### [Goal of the exercise]
Copy out exactly the lines beginning with the one that contains "FadGa – Entwicklung" and ending at the last line of the listing, skipping any pictures.

### [Available data]
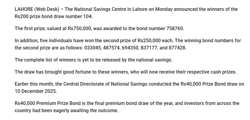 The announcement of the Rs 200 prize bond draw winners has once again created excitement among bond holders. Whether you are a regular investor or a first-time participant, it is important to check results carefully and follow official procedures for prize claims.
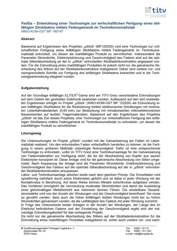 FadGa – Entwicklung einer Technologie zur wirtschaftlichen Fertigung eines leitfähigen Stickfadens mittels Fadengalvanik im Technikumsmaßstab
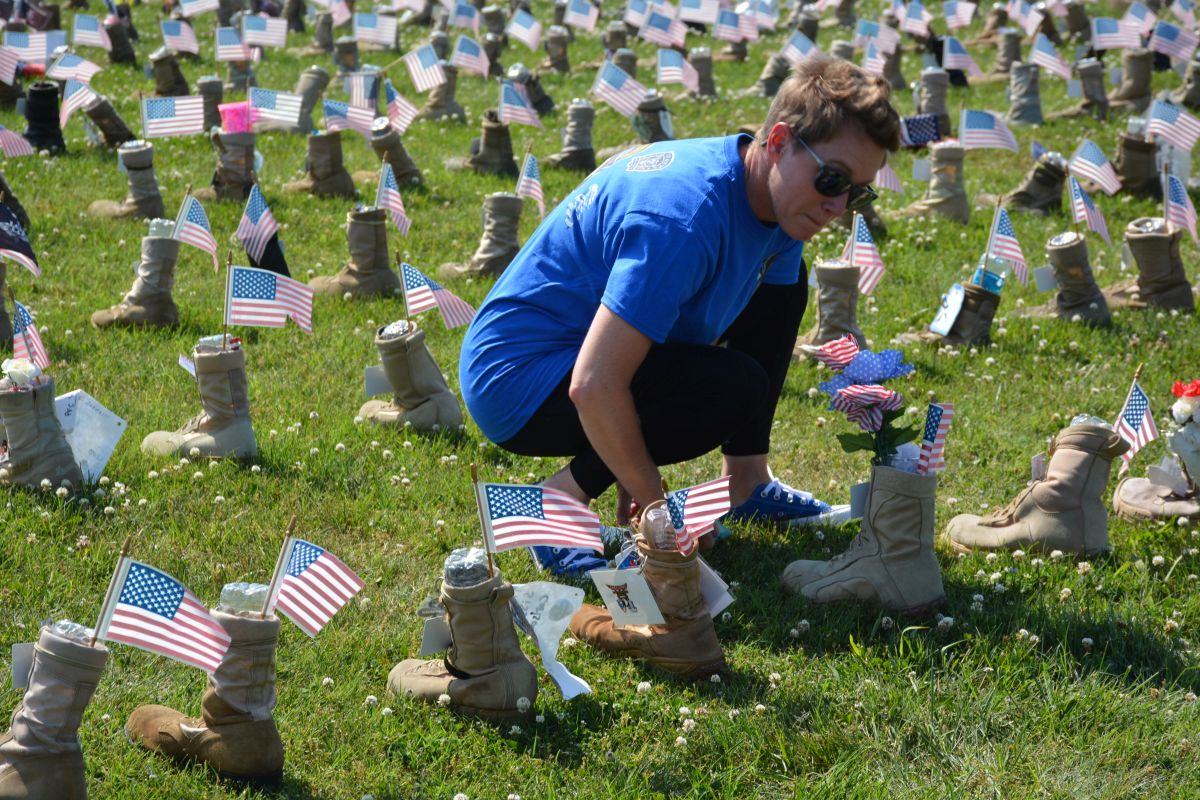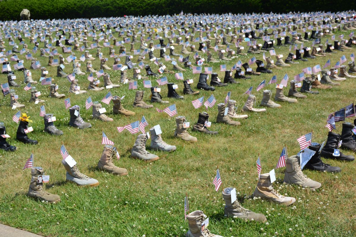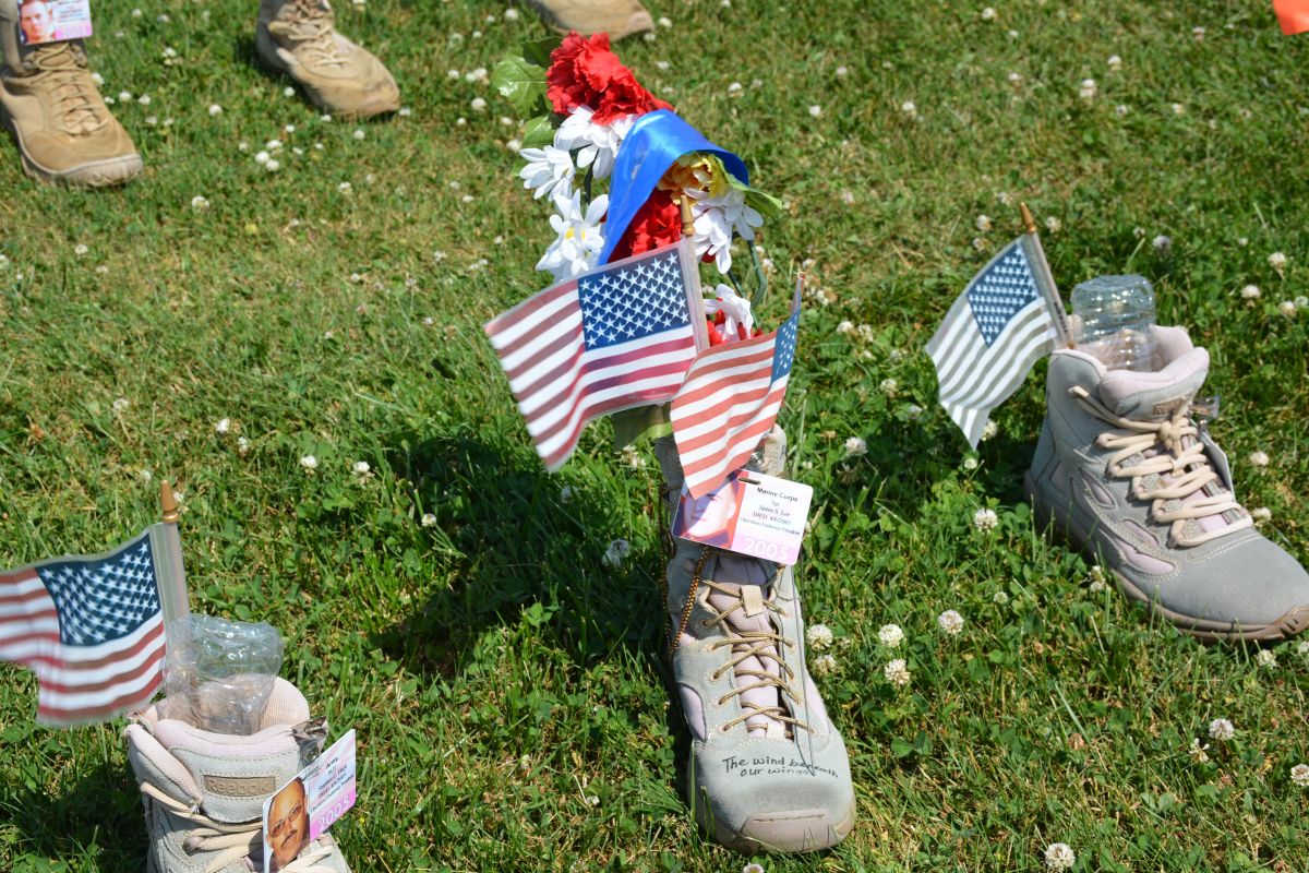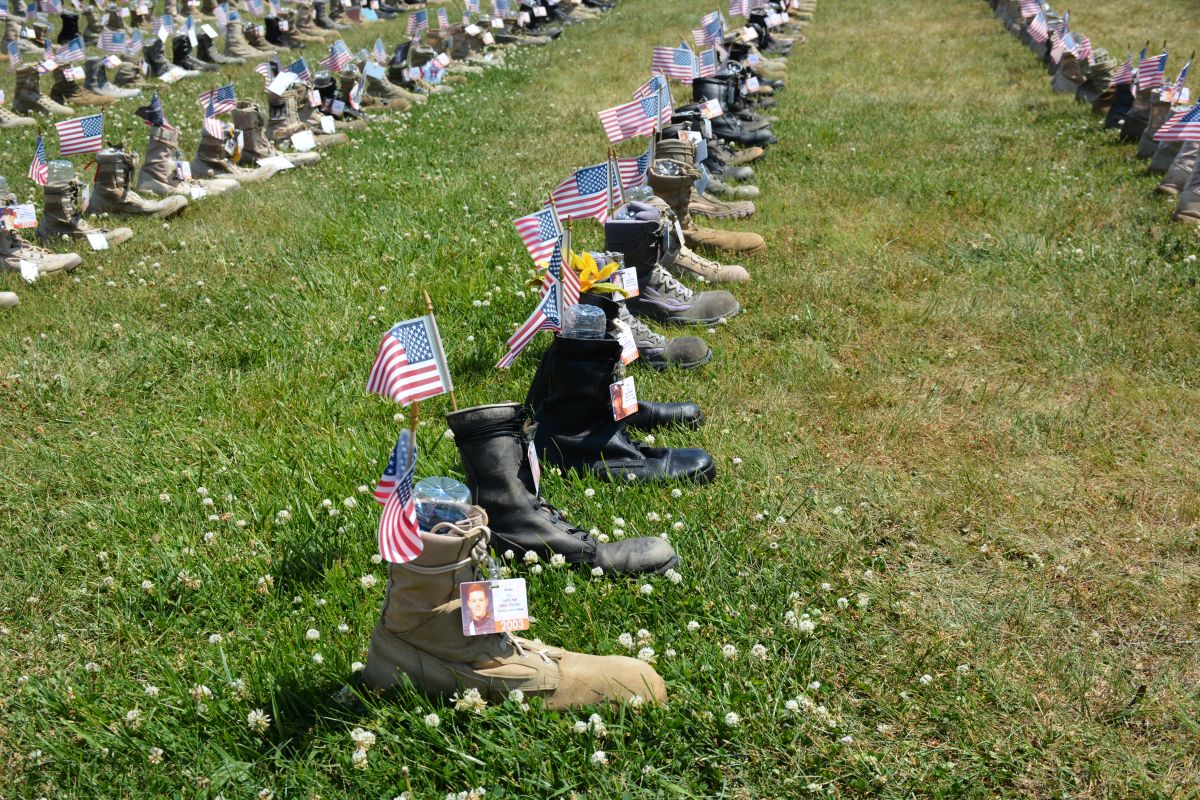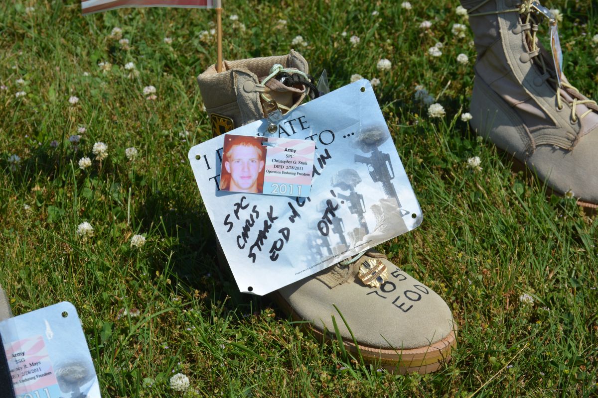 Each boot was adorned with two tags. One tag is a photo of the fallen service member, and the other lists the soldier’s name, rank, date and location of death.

### [Written reply]
 FadGa – Entwicklung einer Technologie zur wirtschaftlichen Fertigung eines leitfähigen Stickfadens mittels Fadengalvanik im Technikumsmaßstab
 Each boot was adorned with two tags. One tag is a photo of the fallen service member, and the other lists the soldier’s name, rank, date and location of death.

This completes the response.